A detailed cost analysis of the system has also been presented and compared with the simulation results. The TNPC of the installed hybrid system is US$20073.63 which is lower than the net present cost of US$20789.85 obtained in the simulation. The annualized cost of the installed system is US$1370.94 whereas the simulated results give an annualized cost of US$1453.63. The levelized cost for the PV system is US$0.082/kWh while for the wind system, the cost is US$0.435/kWh. The TNPC and annualized cost of the system are affected largely by the battery cost, especially operation and maintenance cost of the same.

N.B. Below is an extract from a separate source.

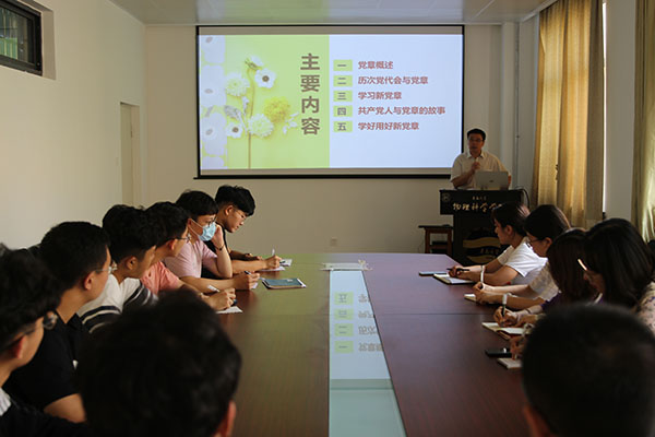 李升学为入党积极分子作了题为《中国共产党章程》的报告。他从党章概述、历次党代会与党章、学习新党章、共产党人与党章的故事、学好用好新党章等五个层面对党章的发展历程和各个时期的主要特色作了详细阐释。他向入党积极分子分享了学习党章的方式方法,要求大家自觉学习党章、遵守党章、贯彻党章、维护党章,真正使党章内化于心、外化于行;要正确认识和深入理解党员标准,端正入党动机,自觉接受党组织的培养教育和考察,以实际行动争取尽早加入党组织。

It is observed that a cost of energy of US$0.673/kWh is obtained in the simulation and for the installed system, and the cost of energy is US$0.635/kWh. The electrical performance analysis and economic consideration of the hybrid system shows that the system is quite feasible in terms of electrical power output but the system is not economically viable. The pragmatic techno-economic feasibility of the PV system is observed for the site under consideration or similar sites however, the wind system is not a commercially upright choice. This FOLD analysis lays a foundation for the future planning of microgrid or hybrid systems in the vicinity.